Comparing Client VM and Server VM

Hi all,

I’m evaluating whether server VM is viable option for games, I observe long pauses over long time on my computer, but I suppose it’s mainly because it’s single core. I’ve prepared simple test using JBullet physics library, would be helpful if you could test it.

How to test:

  1. run Client VM version and press D key to disable deactivation
  2. wait until it stabilizes and tell me average FPS
  3. run Server VM version and press D key to disable deactivation
  4. wait and count how long it takes to stabilize and tell me average FPS
  5. does it still make visible pauses when shooting boxes (by right clicking) or by other manipulation?
  6. reply with information about CPU,VM,OS and your observations

My results (also a template for your replies):
CPU: Pentium 4 “Northwood” 2.4GHz, 32bit single-core without HyperThreading
VM: 1.6.0_07-b06
OS: Linux 32bit
Client FPS: 25
Server time until stabilized: about 8 seconds
Server FPS: 42
Server notes: after shooting box and colliding with other boxes it has very noticeable additional pauses

CPU: Core 2 Quad Q6600, 2.4GHz, 64bit quad-core
VM: 1.6.0_07-b06
OS: Windows XP 32bit
Client FPS: 540 (±20)
Server time until stabilized: no visible pauses, it takes 2 seconds for the FPS to get near its maximum
Server FPS: 820 (±20)
Server notes: FPS counter says 30, 520, 770 and then rises in about 10 seconds to the maximum rate. On client the FPS counter says 410, 540 and stays around there. So it takes 1 second (FPS counter’s refresh rate) for the server to reach the FPS of the client, another second to rise clearly above it, and some over 10 seconds to reach the maximum FPS.
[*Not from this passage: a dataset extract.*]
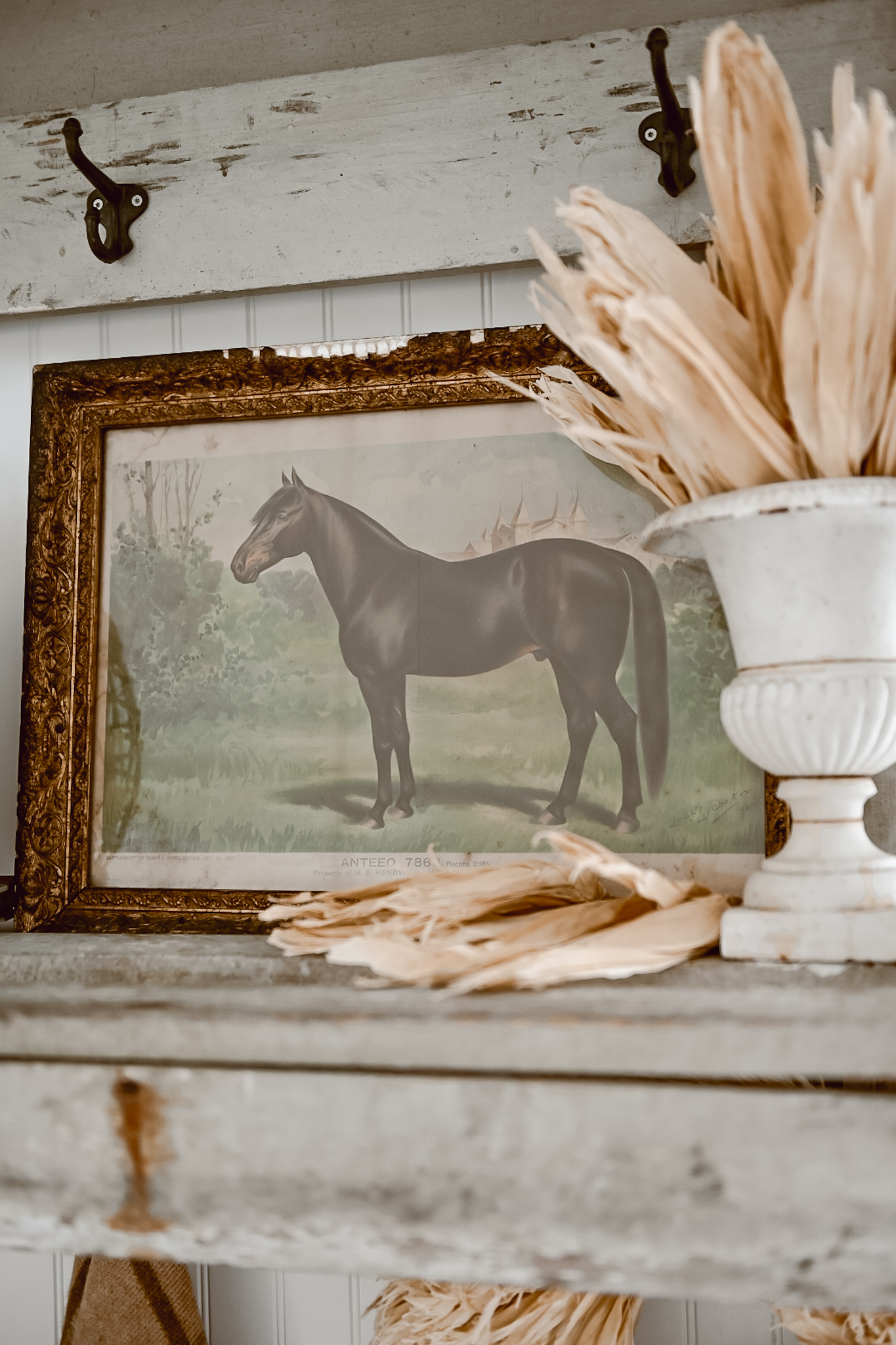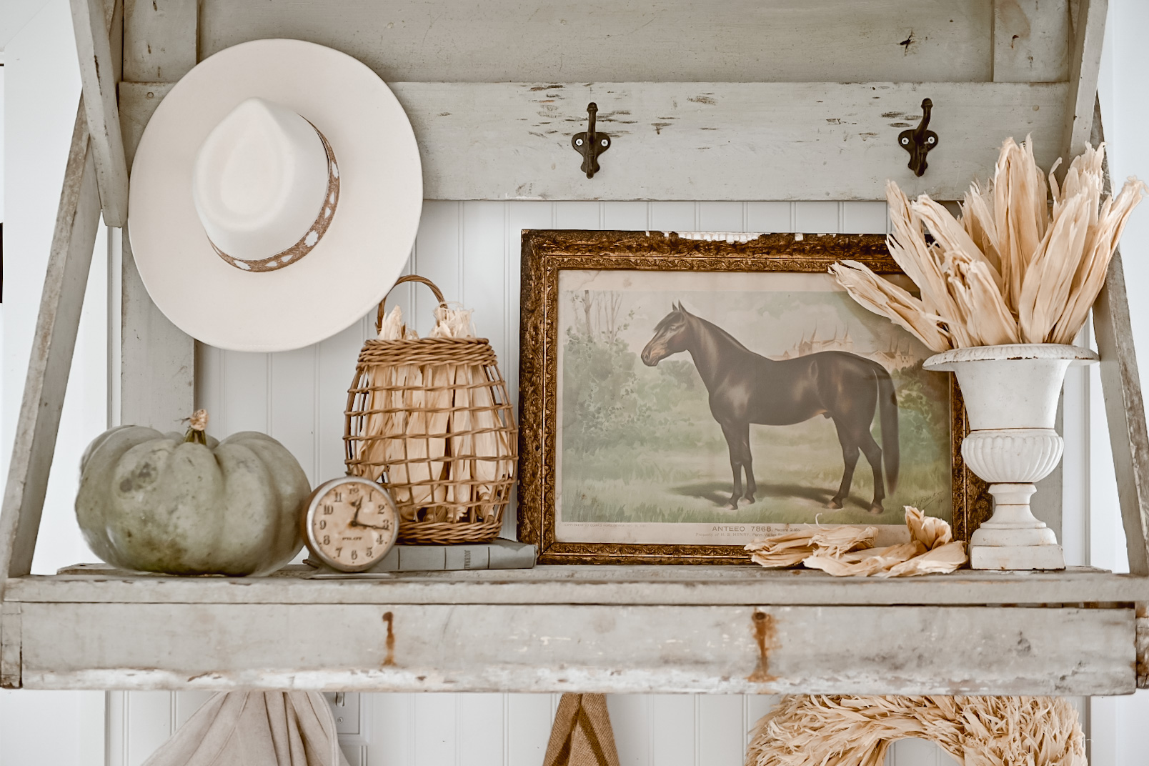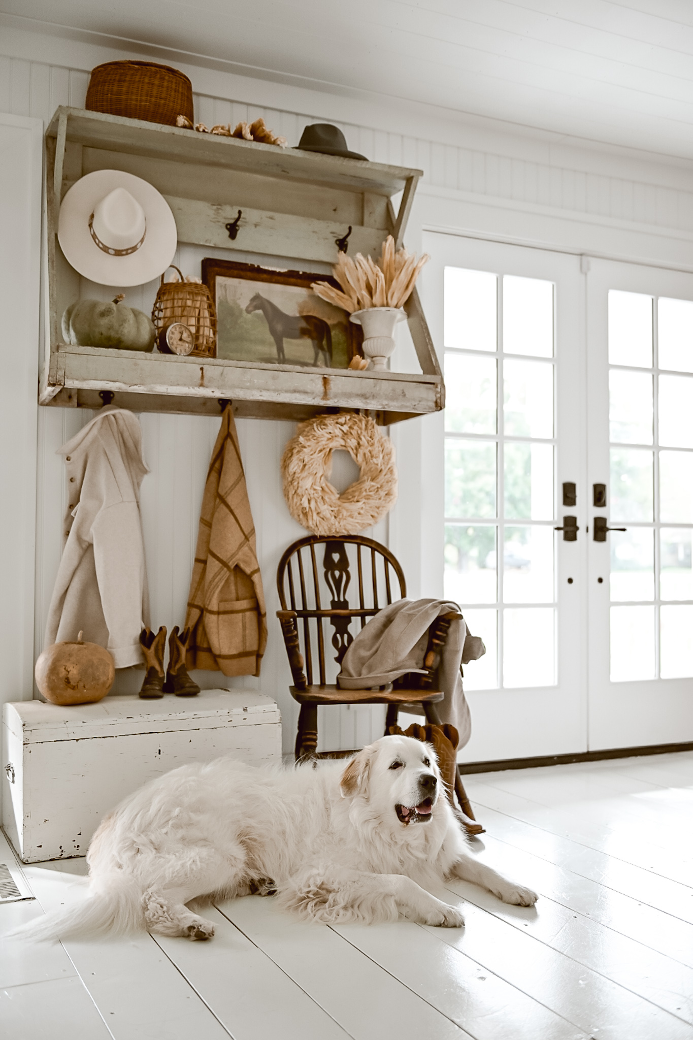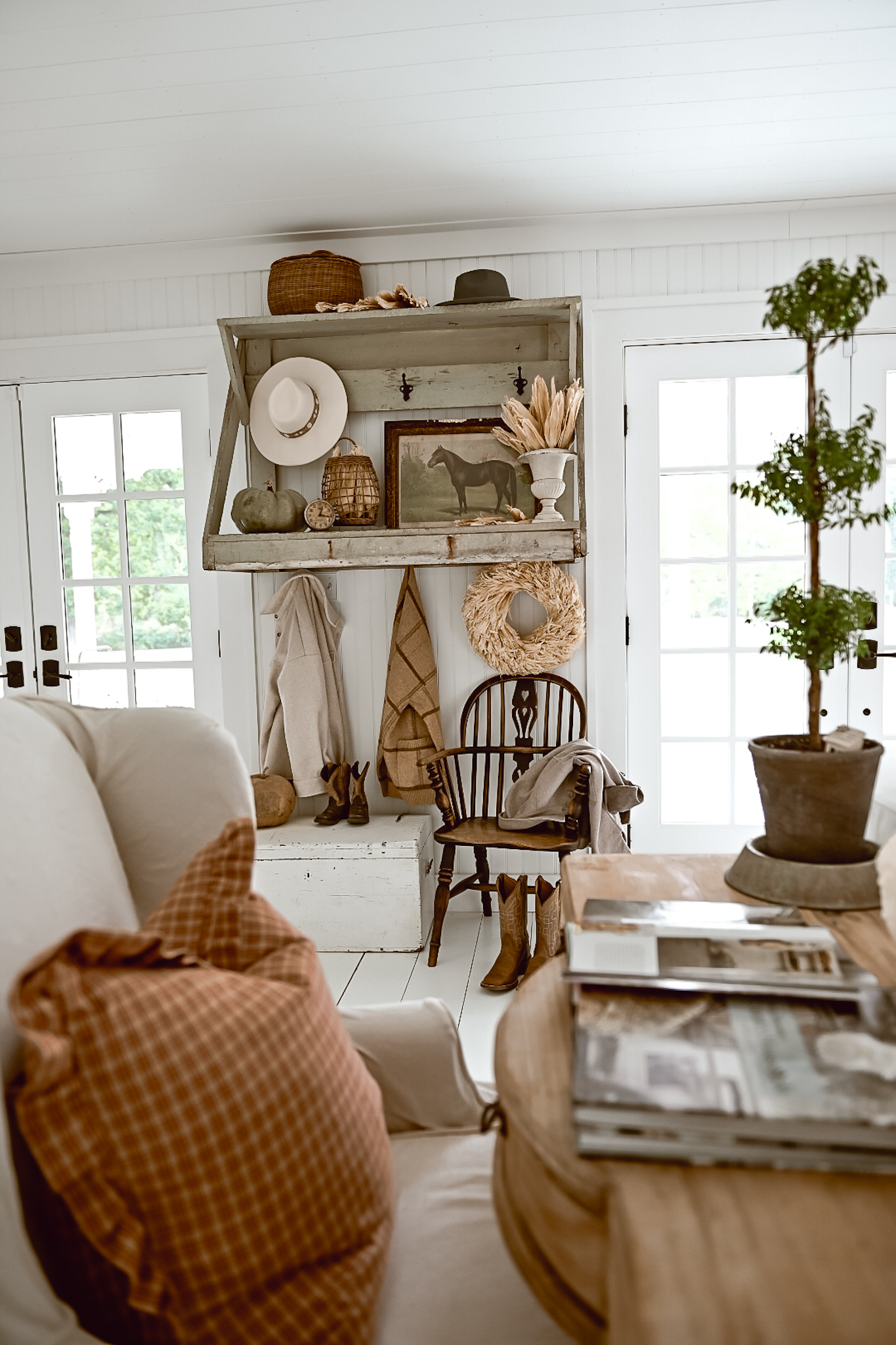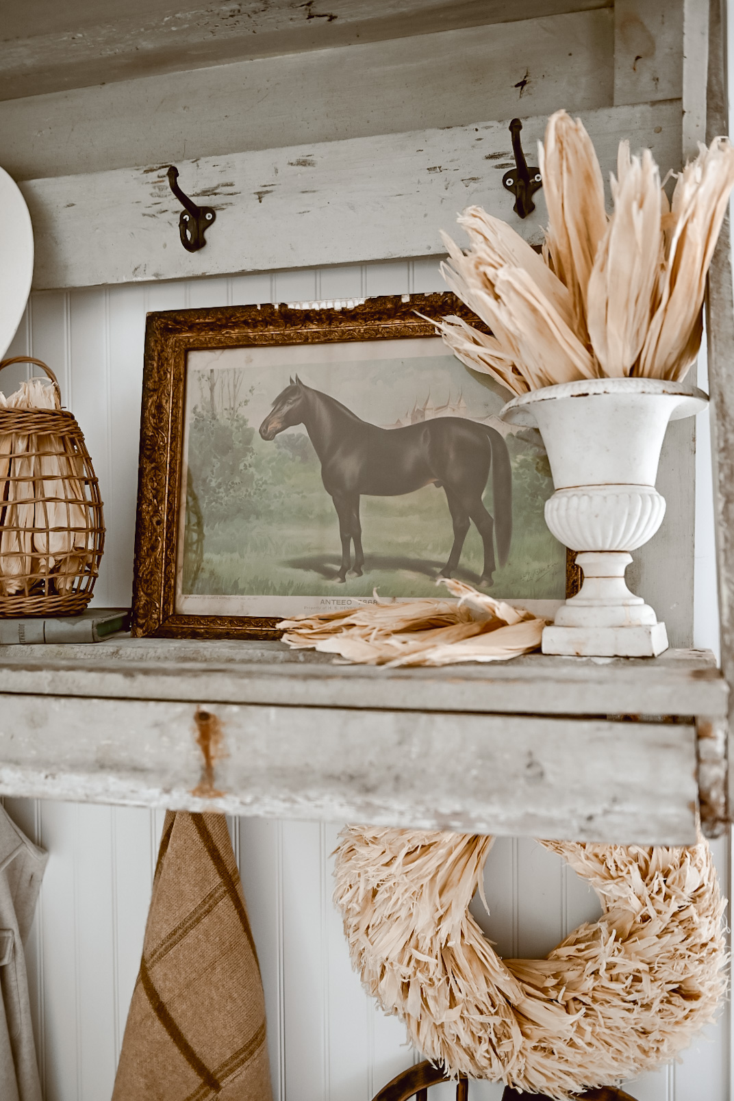 I used some pumpkins, gourds, a corn husk wreath, and corn husk bundles. To add some more seasonal textures, I also gathered some other small antique finds like a small urn, basket, and hutch. Function can be found at the piece but also in the space. I usually will always place a chair or a bench in my entryways to offer a seat for those taking boots or shoes on and off. Having a hutch or small table is also nice for catch-alls and loose items. Since this is off a seating area with a fireplace, the trunk serves as a functional element with blankets nested inside.

CPU: Intel Core 2 Duo 2.2 GHz 32bit (I think)
VM: 1.5 Mac default
OS: Mac OS X 10.4.11

With Help Text still on
Client FPS: 60
Server time until stabilized: <2 seconds
Server FPS: 165
Server notes: Noticed no weird pauses, performance increased after shot box collided with the stack, reducing the number of contacts. After this FPS approached 220

With Help Off
Client FPS: 109
Server time until stabilized: <2 seconds (barely noticeable)
Server FPS: 300 +/- 10
Server notes: Same note as above, except after shooting into the stack, the FPS was around 420. If deactivation was still on, the FPS was around 560 before shooting any boxes.
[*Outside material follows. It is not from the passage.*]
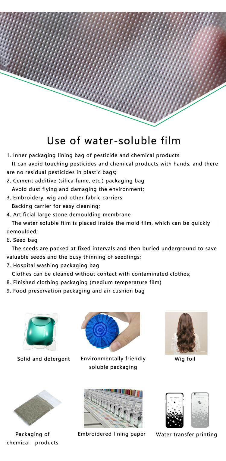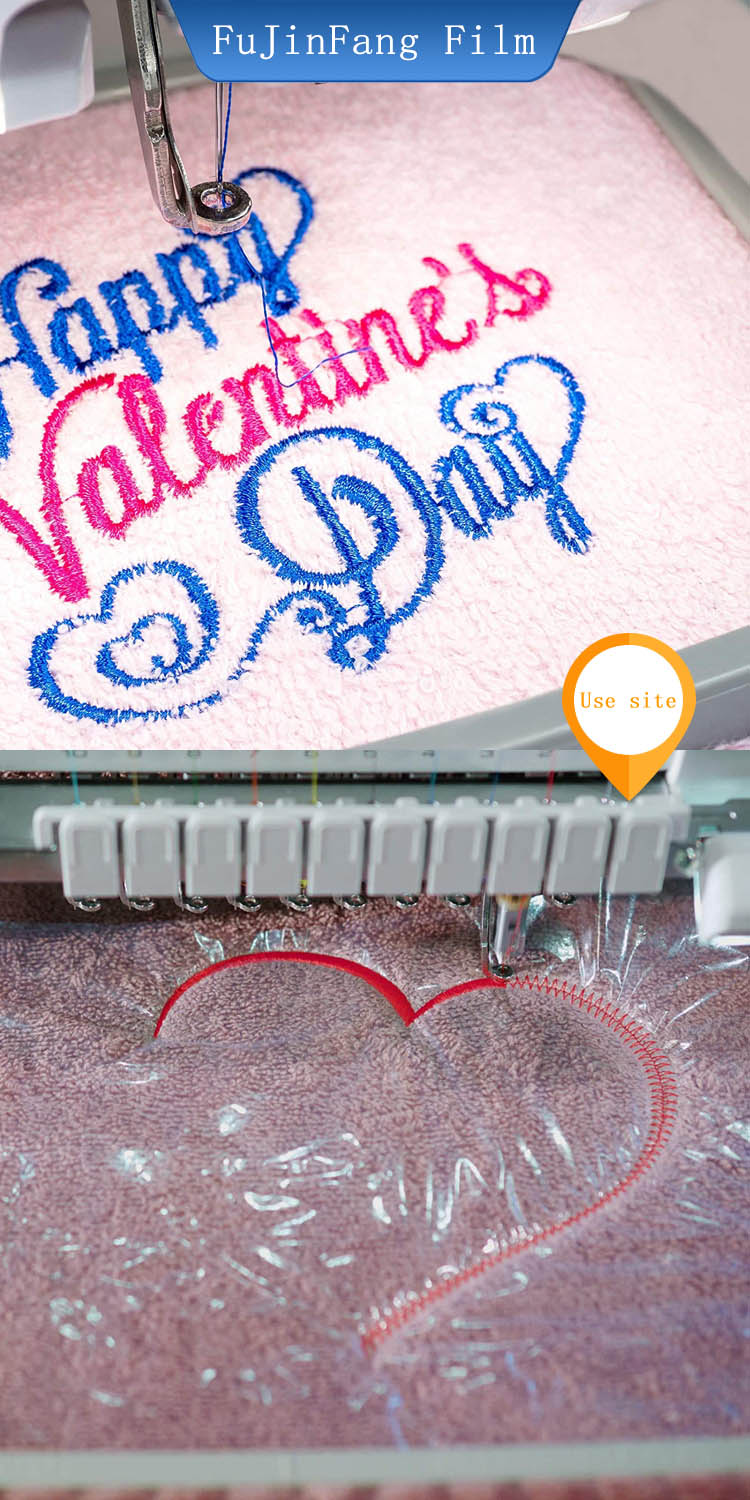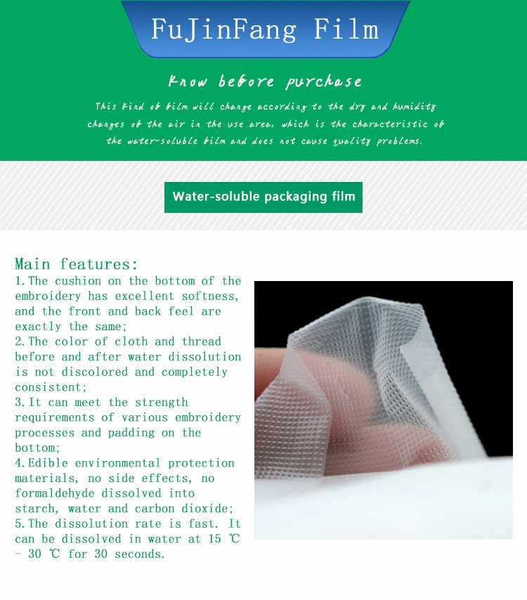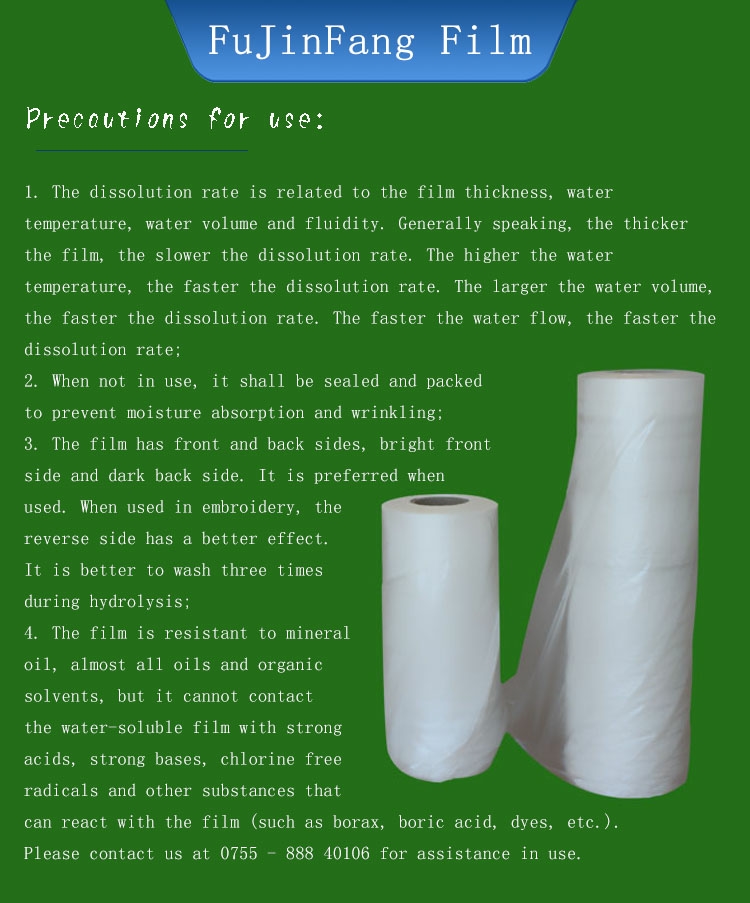 Embroidery hydrosol is a kind of quick-soluble tap water soluble film used by embroidery machine. This film can be dissolved in 30 seconds under normal temperature (15 ℃ - 30 ℃) water (if the water volume is large and the fluidity is good and faster). It can be thoroughly dissolved in 2 minutes. There is no residue on the embroidery and no harmful substances are produced. It can be used as a good product for table cloth embroidery, lace, mesh cloth and leather cloth. It has almost completely replaced the traditional hot-boiled high-temperature water soluble paper lining. After hot-boiled, the finished embroidery product is easy to wrinkle, which makes some products discolor, time-consuming and ugly. It is more convenient than the traditional hot-boiled water soluble paper lining, and it can completely dissolve and clean at room temperature, and can greatly improve the quality rate of embroidery products.

The server jnlp gives me “Error: no ‘server’ JVM at ‘C:\Program Files\Java\jre1.6.0\server\jvm.dll’.”

CPU: Core 2 Duo, 2.4GHz
VM: 1.6.0_06
OS: Windows XP 32bit
Client FPS: ~600
Client notes: no noticeable pauses

  • edit, after copying server to jre:
    Server time until stabilized: < 3 seconds (no difference to client vm?)
    Server FPS: ~1000
    Server notes: no noticeable pauses

Regarding pauses: I noticed that the memory consumption fluctuates. This probably means you are creating too much garbage. Profile your application (or library) to see if the garbage collection causes the pauses. If yes, find the reason for the ‘costly’ garbage and reduce it. It’s common practice in Java game programming to reduce nasty garbage (but not every garbage is bad!) to calm down the garbage collector.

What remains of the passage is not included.